[
https://issues.apache.org/jira/browse/PHOENIX-7710?page=com.atlassian.jira.plugin.system.issuetabpanels:all-tabpanel
]
Kadir Ozdemir updated PHOENIX-7710:
-----------------------------------
Summary: Supporting single cell storage format for mutable tables (was:
Extending single cell storage format for mutable tables)

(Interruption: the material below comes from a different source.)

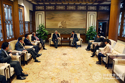 法国巴黎银行集团Jean Lemierre董事长一行访问清华经管学院(左起:法国巴黎银行集团资产管理公司中国区总经理Danny He、集团投资大中华区负责人Tan-Feng Cheng、大中华区负责人兼香港分行行政总裁Paul Yang、集团董事长Jean Lemierre、清华经管学院院长钱颖一教授、中国企业全球化研究中心主任贾宁教授、法国巴黎银行亚太区行政总裁Eric Raynaud、集团中国区首席代表Bruno Weill)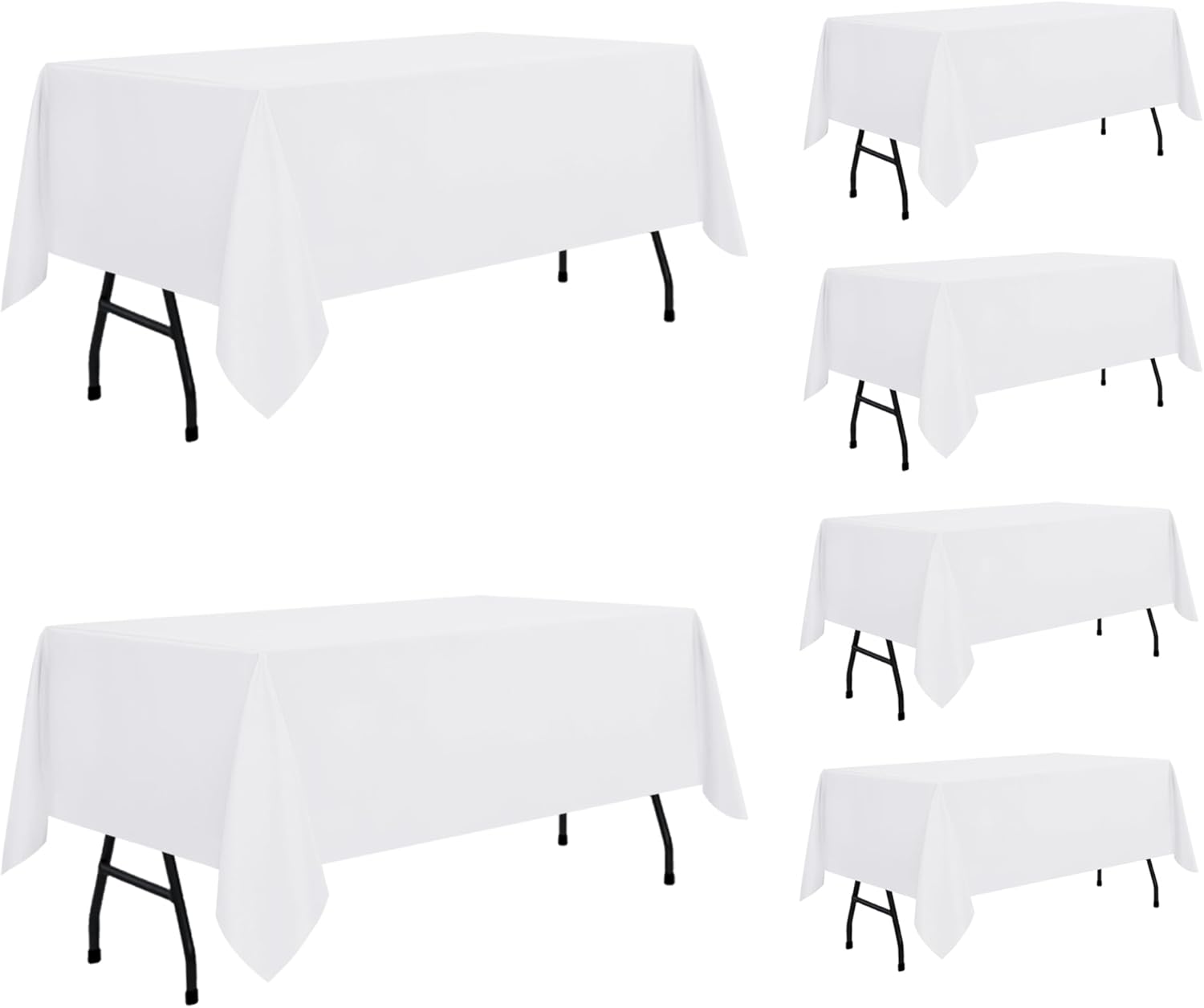 sancua 6 Pack White Tablecloth 60 x 84 Inch, Rectangle Table Cloth for 4ft Tables - Stain and Wrinkle Resistant Washable Polyester Table Cover for Dining Wedding Banquet Party Buffet Restaurant

> Supporting single cell storage format for mutable tables
> --------------------------------------------------------
>
> Key: PHOENIX-7710
> URL: https://issues.apache.org/jira/browse/PHOENIX-7710
> Project: Phoenix
> Issue Type: Improvement
> Reporter: Kadir Ozdemir
> Priority: Major
>
> Phoenix uses two storage formats for immutable tables: single cell per column
> (ONE_CELL_PER_COLUMN) and single cell per family
> (SINGLE_CELL_ARRAY_WITH_OFFSETS). Packing all columns of a row (within a
> specific column family) into a single cell reduces storage, network, and
> memory usage, generally improving performance for many use cases.
> The single cell storage format is only supported for immutable tables.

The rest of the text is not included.